A movie based on the Tri-State Crematory tragedy that occurred in Walker County a decade ago is set to open at a Chattanooga theater on Friday.
The film is titled Sahkanaga which means great blue hills of God in the Cherokee language. It is set in Chickamauga, the hometown of director, producer and writer John Henry Summerour.
Summerour said he was troubled after the Tri-State scandal and believes the movie may help the community heal.
In 2002, more than 300 bodies that were supposed to be cremated were found piled up and strewn on the Tri-State property. Crematory operator Tommy Ray Brent Marsh is now serving a 12-year prison sentence.
"We can't correct the past," said Summerour. "We can't go back and make the crematory not happen. It happened. But what can we do moving forward as a community to ensure that it doesn't happen again?"
The movie has sparked debate in Walker County.
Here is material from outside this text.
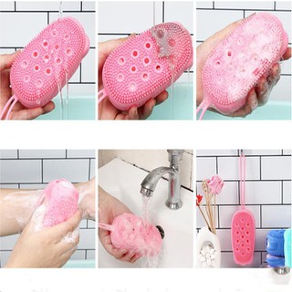 Bông tắm silicon 2 mặt, 1 mặt tẩy da chết Massage body, 1 mặt tạo bọt.Có dây treo vô cùng sạch sẽ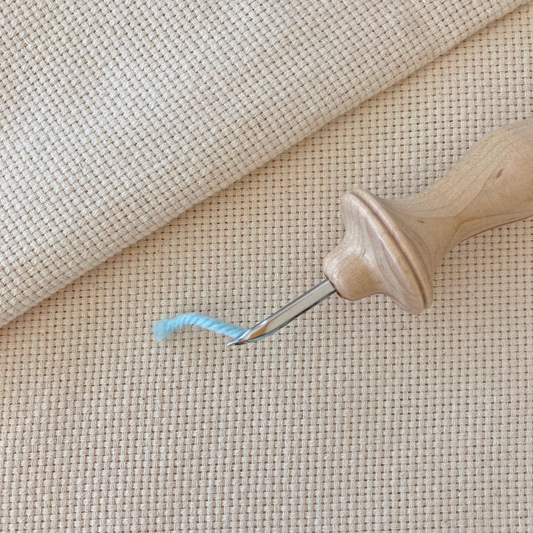 If you take this route, I’d still recommend beginning with monk’s cloth and wool using a larger punch needle, as this combination is the most forgiving while you learn.

"As far as the issue is concerned, it's a pretty touchy subject around here for most locals," said Jesse Potts who was having lunch at a cafe in Lafayette. "I'll probably go see it (the movie)."
Others said the Tri-State tragedy has left a black cloud over the county even though 10 years have passed.
"I think they should just let it rest," said resident Vickie Holbrook. "Bury it."
Summerour used only local actors in the movie, including some whose loved ones' bodies were dumped on Marsh's property in Noble.
"There is an openness at the end," Summerour said of the movie's ending. "You get the sense that this boy and this community are forever changed but they're not broken. They're going to keep moving forward."
He said he believes his hometown will do the same and face a positive future.
"I do think it's Walker County," said Summerour. "Walker County is an incredibly strong place."
The movie opens Friday at the Carmike Majestic theater in Chattanooga.